Closed OmgImAlexis closed 3 years ago
While this would be nice I don't think it's possible. If it is possible it would require a lot more hacking into youtube-dl
internals which I'd probably like to avoid doing just so updating libraries etc. is trivial. youtube-dl
's extract_info()
with extract_flat=True
just returns all video IDs on a channel or playlist etc. From a quick check, there's no way to know the order of videos on a playlist or channel so you can't just not crawl "page 22" or similar because "page 21" already has videos older than the download cap. You would need to index every video on a playlist/channel to find potentially new videos, which would result in having to check every video upload date against any set age caps. That could be classed as a debug log message not an info log message though to be suppressed that way...
Yep looks like I need to add a PR to youtube-dl.
Dateafter shouldn’t download pages outside of the range.
While that upstream issue if added might help the logs, it likely won't stop the requirement that TubeSync will still need to index all YouTube video IDs in a playlist each time it does an index as they are not assured to be chronologically returned by YouTube when it gets crawled. The initial requirement with TubeSync is to "find all new video IDs" which still means indexing entire channels and playlists. This flag, if implemented upstream in youtube-dl
, would likely just limit what's returned by extract_info()
rather than limit what's actually requested from YouTube. If there is some enforcement of chronological ordering feature that could be used for YouTube it likely wouldn't be transferable to other sites which will get support in TubeSync in the future either. Of course, if devs of youtube-dl
who admittedly do have a far superior knowledge of the internals of YouTube APIs/front ends and their own codebase Than I do find a way to actually make this work properly I would implement it. In the foreseeable short term however you can expect TubeSync to index entire channels and videos every index and compare the upload dates to function properly. I'll still see if changing the log severity is sensible though to stop annoying users who attempt to index very large channels a lot.

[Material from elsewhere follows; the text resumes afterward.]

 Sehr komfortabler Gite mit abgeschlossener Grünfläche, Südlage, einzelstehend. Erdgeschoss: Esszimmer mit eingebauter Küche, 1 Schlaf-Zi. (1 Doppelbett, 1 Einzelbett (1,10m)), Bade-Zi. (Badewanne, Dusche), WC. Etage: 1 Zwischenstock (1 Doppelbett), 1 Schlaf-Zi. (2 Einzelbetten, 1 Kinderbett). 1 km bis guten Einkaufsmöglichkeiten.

I hate to suggest a major refactor, but I wanted to give some ideas that might help with this problem.
Using youtube-dl to generate an index of all the videos and store them in a database to slowly download them does make sense, but when looking for new videos, tubesync seems to be configured to redownload the entire index of videos again to look for updates.
A more efficient method to look for new videos would be to use the integrated YouTube RSS feeds. They're always ordered by "published" date
https://www.youtube.com/feeds/videos.xml?channel_id=someidhere
Adding an RSS/XML parser to the system might be a slight hassle, but it would significantly reduce the risk of youtube getting mad at excessive page indexing.

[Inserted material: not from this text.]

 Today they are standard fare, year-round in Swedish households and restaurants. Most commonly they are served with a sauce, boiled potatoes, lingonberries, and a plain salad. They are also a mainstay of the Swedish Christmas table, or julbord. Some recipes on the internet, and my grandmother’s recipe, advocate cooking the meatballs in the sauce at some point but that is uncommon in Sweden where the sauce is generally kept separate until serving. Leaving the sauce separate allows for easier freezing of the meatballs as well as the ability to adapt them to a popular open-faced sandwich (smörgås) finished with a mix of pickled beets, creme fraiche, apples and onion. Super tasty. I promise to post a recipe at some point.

Cheers for the suggestion!
I had noticed the RSS feeds, but compared to the current youtube-dl
based method it doesn't actually reduce the number of requests made to YouTube that much. After getting a list of video IDs for a channel or playlist TubeSync still needs to make one request per video to get its metadata and these are the bulk of the requests to YouTube that seem to be triggering the rate limiting. For example adding a channel with 1000 videos in it results in about 25 requests for indexing, then 1000 requests for metadata, once indexed it's "just" 25 requests per indexing interval period which is probably fine.
Additionally, unless I'm blind, I can't see any way to get more than the most recent 14 or so videos via RSS (there's no ?page=2
or similar accepted parameter I can find?) so while that would indeed work for updating for new content easily it doesn't solve the initial index all media on a channel requirement.
Also I assume if a channel added > 14 videos between indexing it would have to fall back to the current way as well, which I guess is pretty unlikely but no doubt someone will find a channel that does this and trigger an edge case of missing content.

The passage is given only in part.